Arata, a fixé pour toi une glaçante malédiction!

English translation

Arata daughter of Kallicrates, from Euesperides.

Old man, master of the well-planked boat, who sails

through the limits of the river under the shady night,

did you ever see a virtue higher than that of Arata, if you did

bring her to the gloomy shore?

Never will you see again your country with delicate children, Hesperis,

nor will you see your beloved husband, nor will you for your child

prepare a bridal couch. Truly, a deity,

Arata, decided for you an icy malediction!

Italian translation

Arata figlia di Kallikrates, di Euesperides.

E tu vecchio, signore della barca dal robusto fasciame, che nella notte fosca

da una sponda all'altra percorri il fiume,

hai mai visto una virtù superiore a quella di Arata, se davvero

l'hai condotta alla riva oscura?

Né più mai la tua patria vedrai dai delicati fanciulli, l'Hesperis,

né il tuo sposo che amavi, né a tua figlia

preparerai il letto nuziale. Ah davvero, la divinità,

Arata, ti ha destinato una maledizione di ghiaccio!


Oliverio only mentioned Ptolemais as the provenance of the stele. Bazama-Reynolds attributed the stele to the small necropolis developed along the road issuing from the Northern gate of the city-wall at West, where they found a number of similar steles. Ptolemais was at the time not yet a city of that name, but only a harbour for Barka. The stele should be the most ancient inscription from this site.

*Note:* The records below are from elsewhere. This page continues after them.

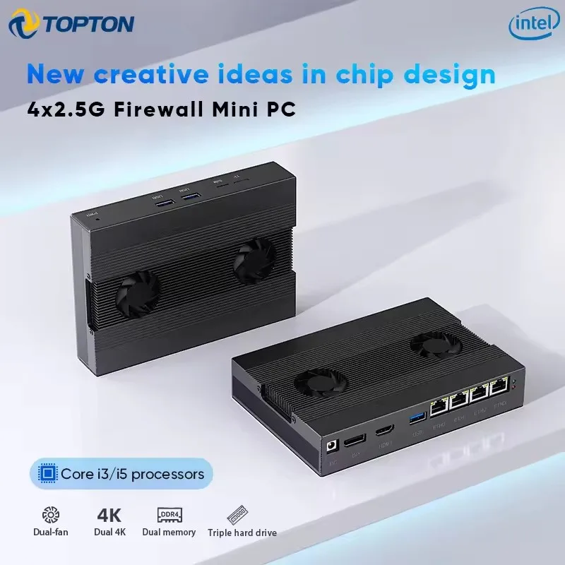 Topton Massief Aluminium Firewall Mini PC NAS 4x2.5G LAN Intel i5-8250U i3-8130U 2xNVMe SATA3.0 TF SIM pfSense Proxmox Home Server
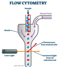 Flow cytometry is a powerful diagnostic and research technique used to analyze the physical and chemical characteristics of cells. It utilizes fluorescently labeled antibodies that bind to specific cellular markers. When exposed to a laser, these markers emit fluorescence, allowing for rapid, multiparametric analysis of thousands of cells per second. Flow cytometry provides valuable information for diagnosing and monitoring diseases such as hematologic malignancies, immunodeficiencies, and infectious diseases. This technique helps clinicians assess cell populations, identify abnormal cells, and monitor treatment responses with high precision and accuracy.
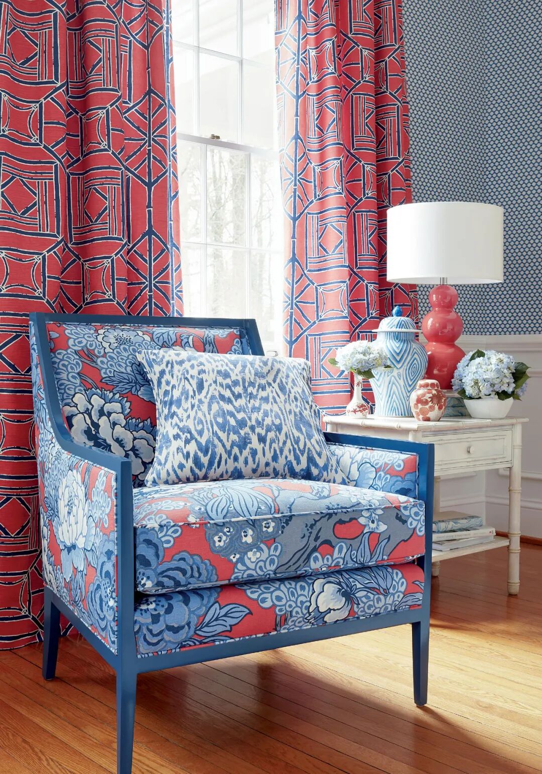 充满中国风的几何图案,红蓝交错,整个空间带给我们古典的美好。

This well made epigram develops the theme of malediction by playing on the name of the deceased woman 'Arata', which etymologically means 'accursed', directly through the use of ἀρά and indirectly through two puns based on the assonance with the interrogative particle ἇρα and with ἀρετά 'virtue'.

This woman was from Euesperides and died at Ptolemais, where she was buried.

Metrical analysis: after a title (ll. 1-2), eight text-lines, which are so many verse-lines, forming four elegiac couplets. The space on the stone marks the limit between the two pairs of couplets, which is also the limit between two enunciation modes, the first part addressing Charon the ferryman, the second addressing the deceased Arata.